_Directions_:
The line containing "当社は、静岡県浜松市、JR 浜松駅・遠鉄新浜松駅から徒歩 5" marks the end; write out exactly every line from the start of the data up to and including it, without the pictures.

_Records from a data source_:
──────────────────────────────
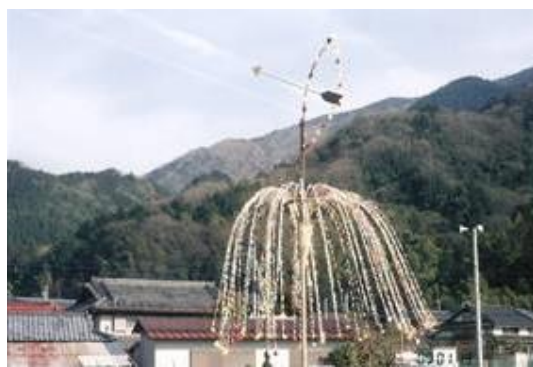
甲斐大島駅への路
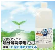
環境配慮型 油分洗浄剤
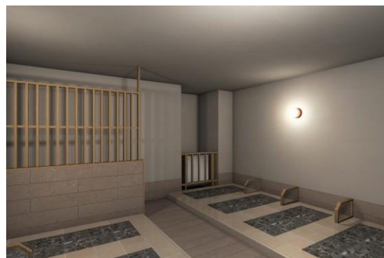
デトックス&amp;リフレッシュできる岩盤浴

当社は、静岡県浜松市、JR 浜松駅・遠鉄新浜松駅から徒歩 5 分の商業施設「ザザシティ浜松」3 階に、温浴施設『かじまちの湯 SPA SOLANI』を 2021 年 2 月にオープンします。地域にも旅行者にも親しみやすく使いやすい施設で地方創生に貢献したいとの思いから、「美と健康のテーマパーク」をコンセプトに、日本で初めてモロッコのハمامをイメージしたロウリュウや岩盤浴など、珍しい温浴施設を充実。1 人でゆったり入れるひのき風呂やシルキー風呂を備えた大浴場、リクライニングチェアで映像を楽しみながらゆったりくつろげるリラクスルームも完備しています。また、国内外で高級ホテルスパを展開する当社のノウハウと、世界中の有名スパプロダクトを集結させたトリートメントルームでは、アジア、ヨーロッパ、ハワイアンなど多種多様な世界中の本格リラクゼーションをご堪能いただけるほか、痩身やネイルなども幅広く取り揃えています。
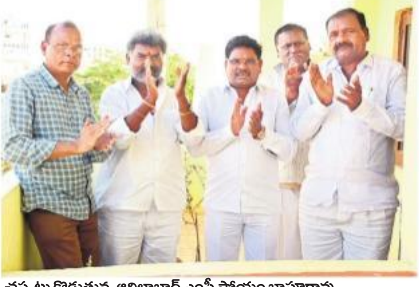
చప్పట్లు కొడుతున్న అదిలాబాద్ ఎంపీ సోయం బాపూరావు
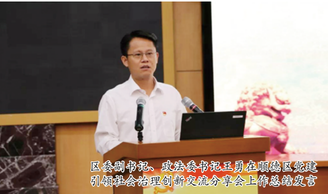
区委副书记、政法委书记王勇在顺德区党建引领社会治理创新交流分享会上作总结发言

稳定和谐的社会环境是关系社会发展和基层治理能力现代化建设的重要基础，作为中国最早探索社会治理创新的地区之一，顺德把握建设高质量发展体制机制改革创新实验区的契机，勇于突破，着力解决制约高质量发展和建设现代经济体系的问题和障碍，开展了系列具有创新性、突破性、引领性的社会治理创新实践和探索。
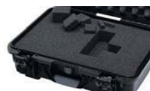
Calages de mousse cubique
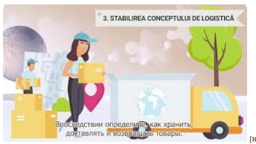
Как начать онлайн-бизнес [10]
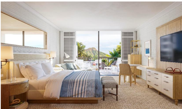
客室 リニューアル後イメージ

ハワイアンミュージックの生演奏とフラダンスが楽しめる人気レストラン「House Without A Key(ハウス ウィズアウト アキー)」では、ハレクラニの象徴のひとつである樹齢 130 年を超えるキアヴェツリーや、ワイキキビーチ、ダイヤモンドヘッドまでを一望できるようにエントランスを再設計しています。新設される屋外バー、ガラス張りのオープンキッチン、モダンな家具といった新たな設えとともに、2021 年 11 月下旬の営業再開を予定しています。
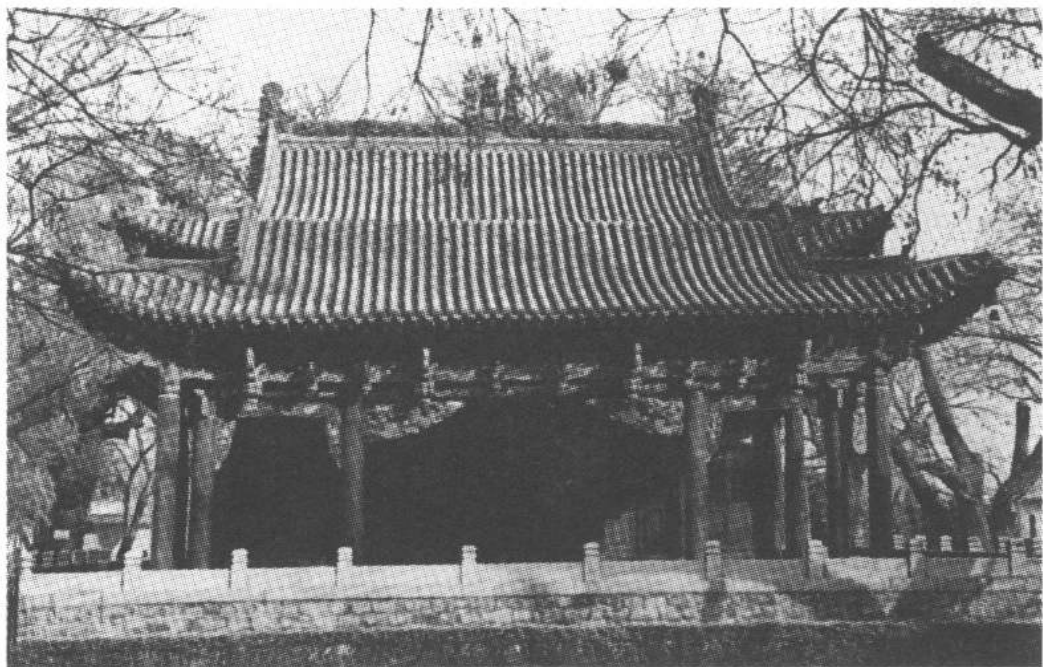
建于明嘉靖前的太原晋祠“水镜台”戏台。
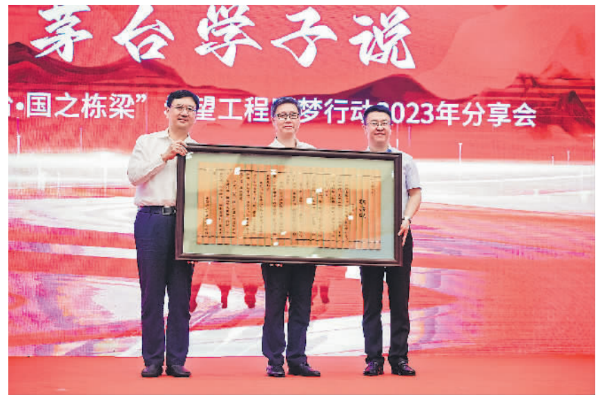
中国青少年发展基金会向茅台集团致送《栋梁赋》牌匾。
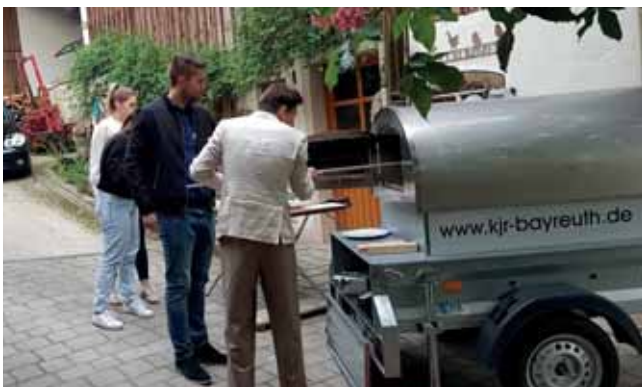
Austausch mit den jugendpolitischen Sprecher:innen bei Pizza & Politics

Gemeinsam mit Vertreter:innen der Jugendorganisationen von JU, JFW, GJ, Jusos und Julis haben wir den Pizzaofen angeheizt, Teig ausgerollt und leckere Kreationen gebacken. Doch neben dem kulinarischen Teil stand vor allem das Kennenlernen im Mittelpunkt. In lockerer Atmosphäre kamen engagierte junge Menschen ins Gespräch, teilten ihre politischen Motivationen und berichteten von ihrem Engagement vor Ort oder ihrem Weg in die Politik.
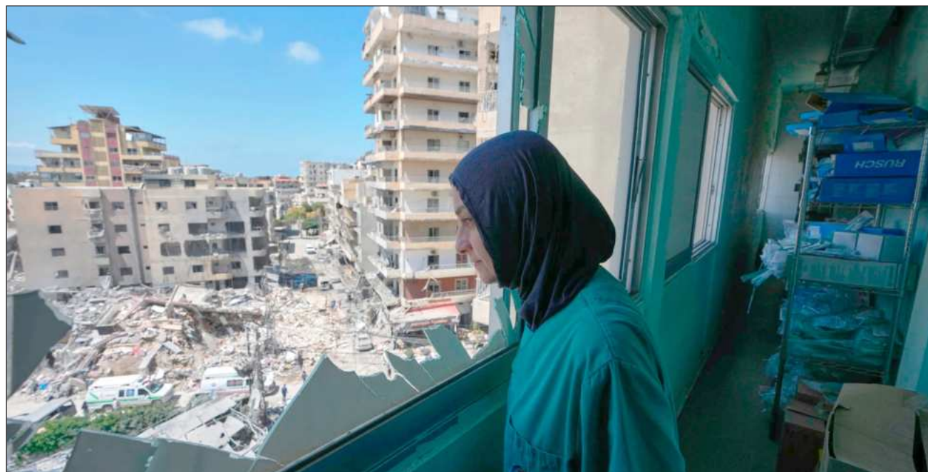
▲ Hezbollah, que cuenta con el respaldo de Irán, lanzó decenas de proyectiles y drones hacia soldados israelíes.

Hezbollah, que cuenta con el respaldo de Irán, lanzó decenas de proyectiles y drones hacia soldados israelíes en el sur de Líbano y hacia ciudades y pueblos israelíes en los últimos días, mientras
──────────────────────────────
_Written response_:
甲斐大島駅への路
環境配慮型 油分洗浄剤
デトックス&amp;リフレッシュできる岩盤浴

当社は、静岡県浜松市、JR 浜松駅・遠鉄新浜松駅から徒歩 5 分の商業施設「ザザシティ浜松」3 階に、温浴施設『かじまちの湯 SPA SOLANI』を 2021 年 2 月にオープンします。地域にも旅行者にも親しみやすく使いやすい施設で地方創生に貢献したいとの思いから、「美と健康のテーマパーク」をコンセプトに、日本で初めてモロッコのハمامをイメージしたロウリュウや岩盤浴など、珍しい温浴施設を充実。1 人でゆったり入れるひのき風呂やシルキー風呂を備えた大浴場、リクライニングチェアで映像を楽しみながらゆったりくつろげるリラクスルームも完備しています。また、国内外で高級ホテルスパを展開する当社のノウハウと、世界中の有名スパプロダクトを集結させたトリートメントルームでは、アジア、ヨーロッパ、ハワイアンなど多種多様な世界中の本格リラクゼーションをご堪能いただけるほか、痩身やネイルなども幅広く取り揃えています。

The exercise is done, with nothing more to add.